After the Love Warm House was put into use, Jiang Yixin found that the cleaning aunties in the dormitory area still habitually rested in the tool room in the corner of the stairs. She speculated that this was because the rest rooms in the dormitory area were still too few, “the aunties have to walk a long way”, and on the other hand, the cleaning aunties sometimes just want to be alone for a while.

Lin Long, a teacher from the logistics department of East China University of Political Science and Law, said in an interview that “Love Warm House” is just the beginning, and there will be plans to solve the rest problems of cleaning staff in other areas.

Jiang Yixin wrote a post about her experience of attending the unveiling ceremony.

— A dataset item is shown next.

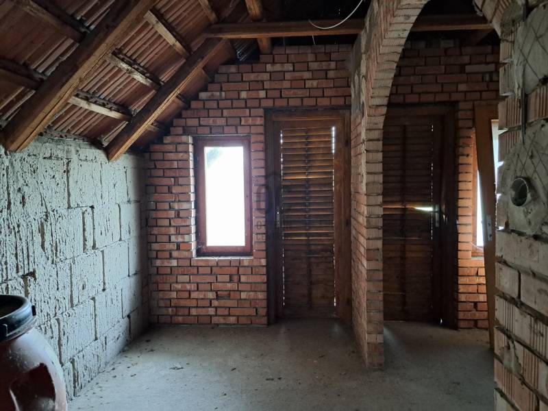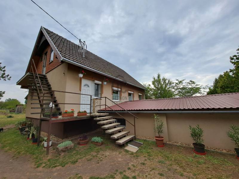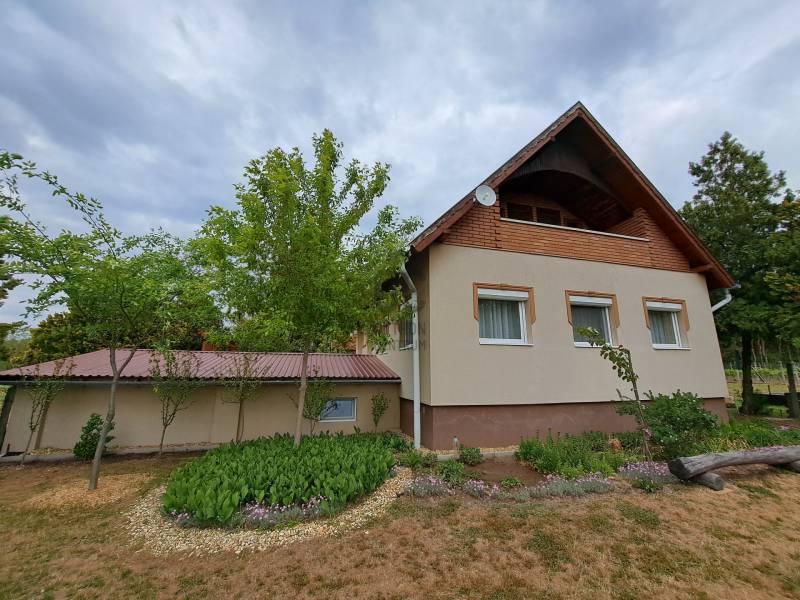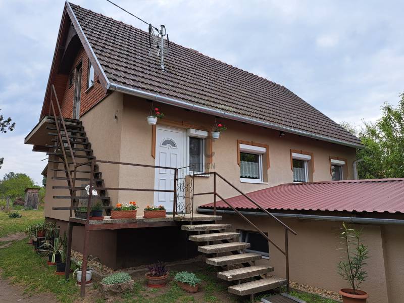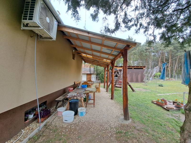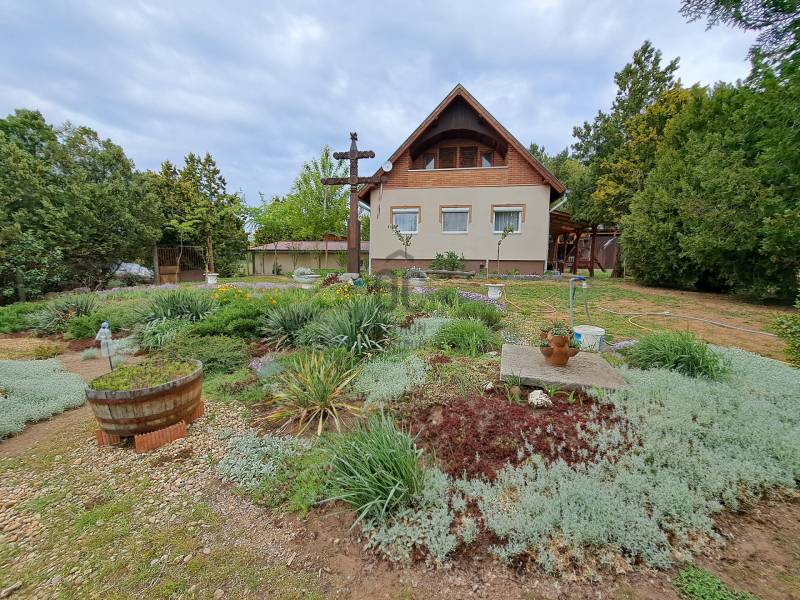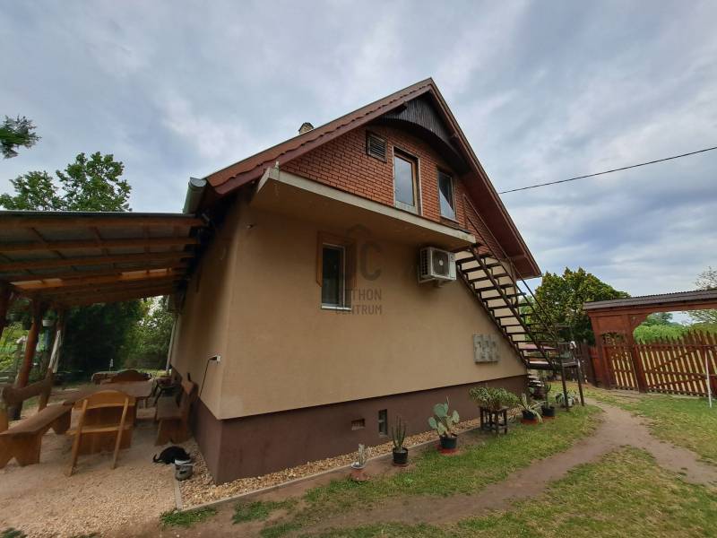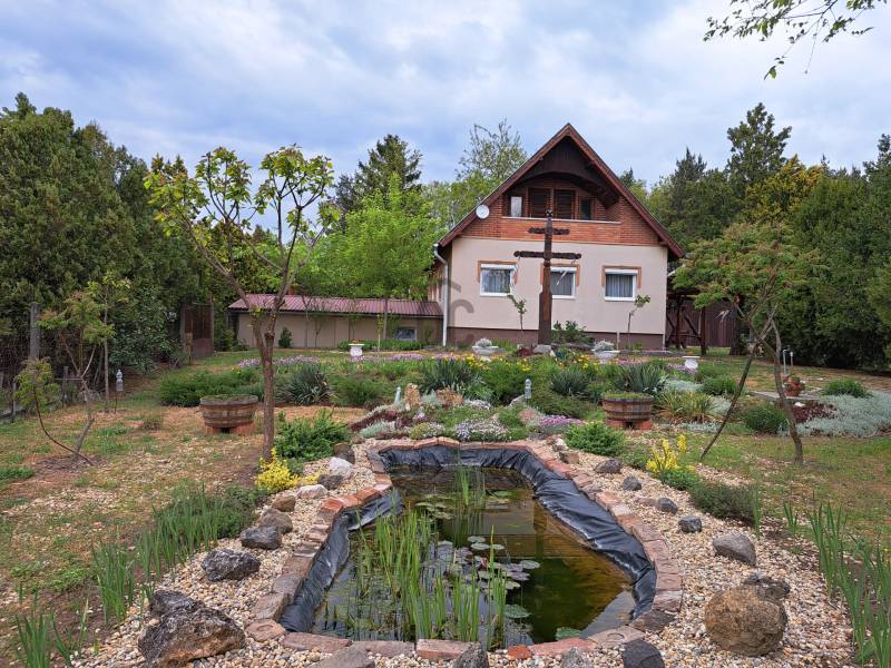 Megvételre kínálok Albertirsán, 25 percre a Fővárostól, M4 autópálya közelében, 6122 nm-s telken, tégla építésű családi házat.A telekre egy nagyon szépen faragott Székely Kapun jutunk be. Ezek a faragások az ingatlanon is jellemzőek, mely kellemes hangulatot ad neki.Az ingatlan 1990-es években épült, de 2020-ban nyerte el a jelenlegi formáját.Víz és villany hálózata felújított, 10 cm nikecell szigetelést kapott, műanyag nyílászárókkal, redőnnyel és szúnyoghálóval.Fűtése Gree típusú, hűtő- fűtő klímával, H tarifás elszámolással. Igény szerint kialakítható központi fűtés is, vagy kandallók elhelyezése.Az épület 3 szintes.Pince szinten helyet kapott 1 kamra, boros pince,pince, borozgató, és egy konyhának kialakított helység(70 nm).Akár lakórésznek is átalakíthatók.A jelenlegi lakórész lépcsőn megközelíthető,.Ezen a szinten szoba, kis gardróbbal, konyha+ étkező, zuhanyzós fürdőszoba, és egy világos előszoba, melyből leválasztható akár egy félszoba is (70 nm).A külső lépcsőn megközelíthető tetőtér szerkezetkész, ( közfalak állnak) melyben 2 szoba, konyha és fürdőszoba, erkély került kialakításra (33 nm).Vízellátása 40 méter mély fúrt kútról, mely bevizsgált. Szennyvíz derítőbe vezetett. A telek 2 helyrajzi számon szerepel, művelési ágból kivont területként és gazdasági épület.Kifüggeszteni nem kell, de nem hitelezhető.A telek teljesen körbe kerített, több részre osztott, gyümölcsös, szőlő, veteményes, baromfi udvar, akácos, mely alatt kecskék istállója található.Udvarán gazdasági épület, nyári konyha, parkosított füvesített terület, kis kerti tóval.Ha nem szeretne messze költözni a Fővárostól, de önellátó gazdálkodást szeretne kialakítani, akár több generáció számára, ez az ingatlan önre vár!Hívjon mielőbb bizalommal és nézze meg velem!

In the comment section, some netizens called for attention to the salary issue of the cleaning staff. Judging from the cleaning staff recruitment information online, the salary of the cleaning staff is basically between 3,500 yuan and 4,500 yuan, which is similar to the situation of Liu Na and others. Jiang Yixin admitted frankly, “The salary issue involves too many aspects, and it requires everyone’s more attention and action.” 

In Jiang Yixin’s view, in addition to providing a place for cleaning staff to rest, the more important significance of establishing a cleaning staff rest room is to “let more people realize the possibility of change and the importance of speaking out”. She believes that “if we improve our sensitivity and pay attention to things outside of our own little world, this matter is very likely to change from a small matter that no one cares about into a major event that causes widespread changes in society.” 

She gave an example that if an architect sees this matter, they may realize that the rest area for the cleaning staff is missing in the architectural design, and improve this problem in the next design process. The cleaning staff rest room may be added to the design drawings and eventually become a standard configuration.

“When one thing can be seen, other things have the possibility of being seen. This is a beginning.”